For our July Toronto AWS Users Group Meetup, Andrew Brown (CEO of ExamPro) is BACK, talking about a VERY popular meetup topic: AWS Security. Make sure to RSVP for this meetup quick - it will fill up FAST! See you there!
Advanced AWS Security - Hacking an Account, Securing our Account, and Investigating Suspicious Behaviour
Andrew recently attended AWS security conference re:Inforce and is bringing back with him scenario-based cloud security knowledge from the perspective of both the attacker and defender. This talk will help you quickly put into perceptive how to harden your AWS account and investigate for suspicious behaviour.

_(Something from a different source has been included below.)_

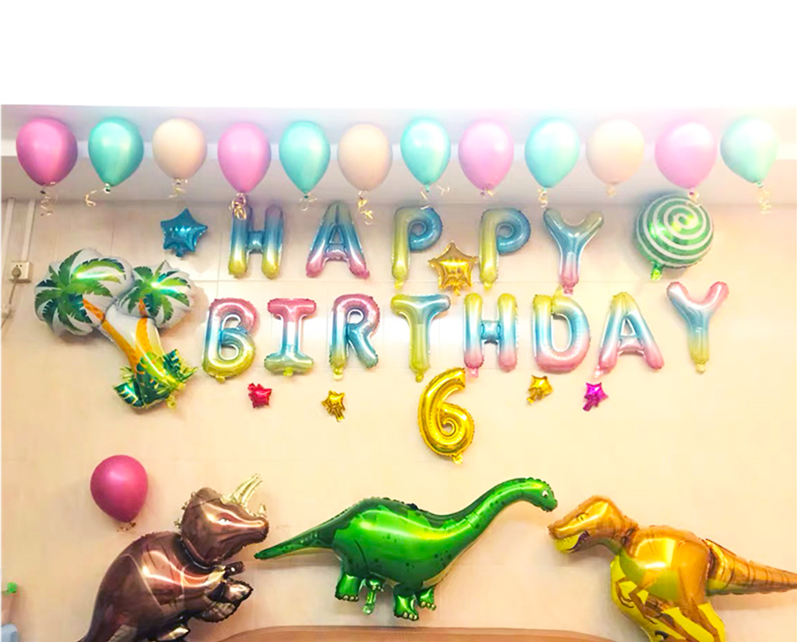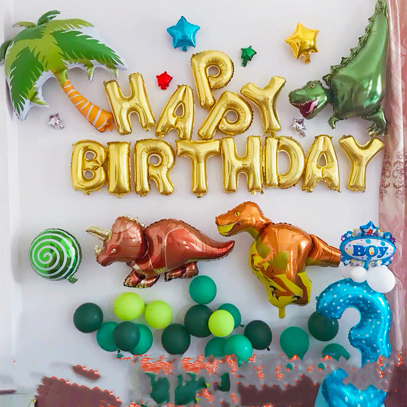 Dinosaur No. 4 package: 16-inch letter gold: a set of happybirthday, large coconut tree 1, horned dragon 1, triceratops 1, Velociraptor 1, 18-inch lollipop green 1, 10-inch star blue 1, gold 1, 5 One inch star silver, red, green, gold, 10 inch dark green 10, dark green 10, fruit green 5, digital column 3 (the crown is a convertible boy), pump 1, glue, texture glue, small transparent glue

From the attacker, let us find a point of entry, look at how to escalate our privileges, leaving zero footprints in CloudTrail, Avoid triggering GuardDuty detection, use cross-roles as a vector of attack and abusing instance profiles.

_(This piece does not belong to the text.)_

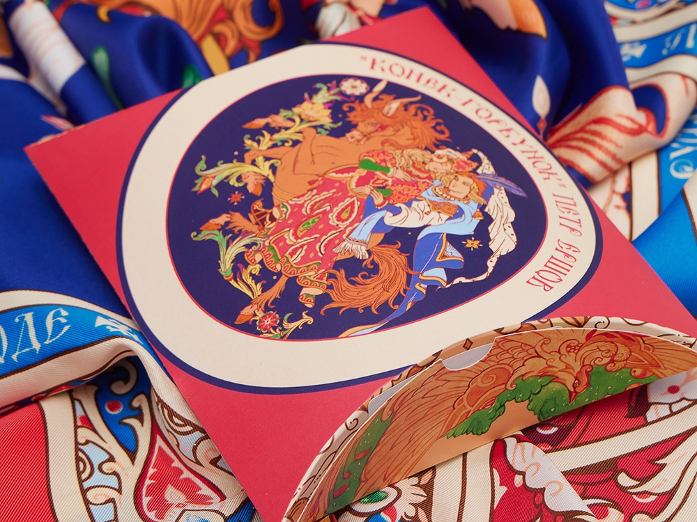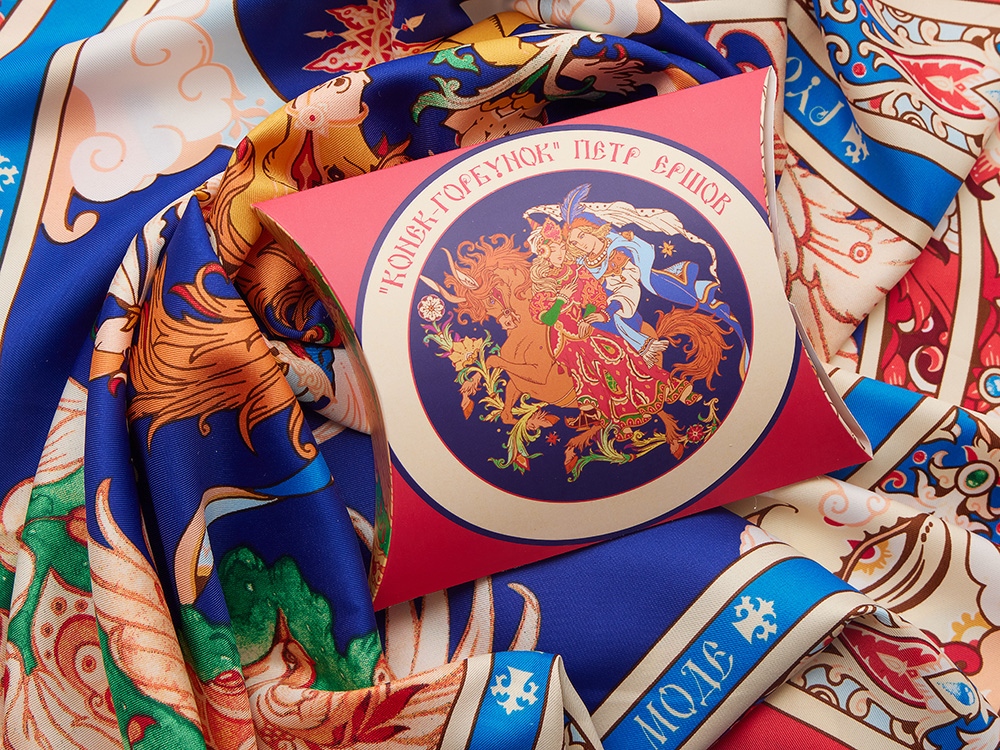 Прочитав сказку юного дарования, сам великий Александр Сергеевич Пушкин сказал: Этот род сочинений я могу теперь оставить – и Петр Ершов был принят в круг петербургских писателей.В этом году сказке из золотого фонда русской литературы, переведенной на все языки мира, исполняется 185 лет. Ее яркие краски мы перенесли на шелк и создали платок Конек-Горбунок.

From the defender, let us lock down permissions using permission boundaries and service control policies. Detect when keys are leaked, continuously patch our baseline servers, use Athena to query CloudTrail investigate strange behaviour, ensure the integrity of our logs from tampering.
Andrew Brown is the CEO of ExamPro, a service which provides training for AWS Certification. He has a specific interest in cloud security. Previously the CTO for multiple startups. He is a fan of retro video games and Star Trek DS9. If you ever want to buy him a drink, he loves premium coconut water.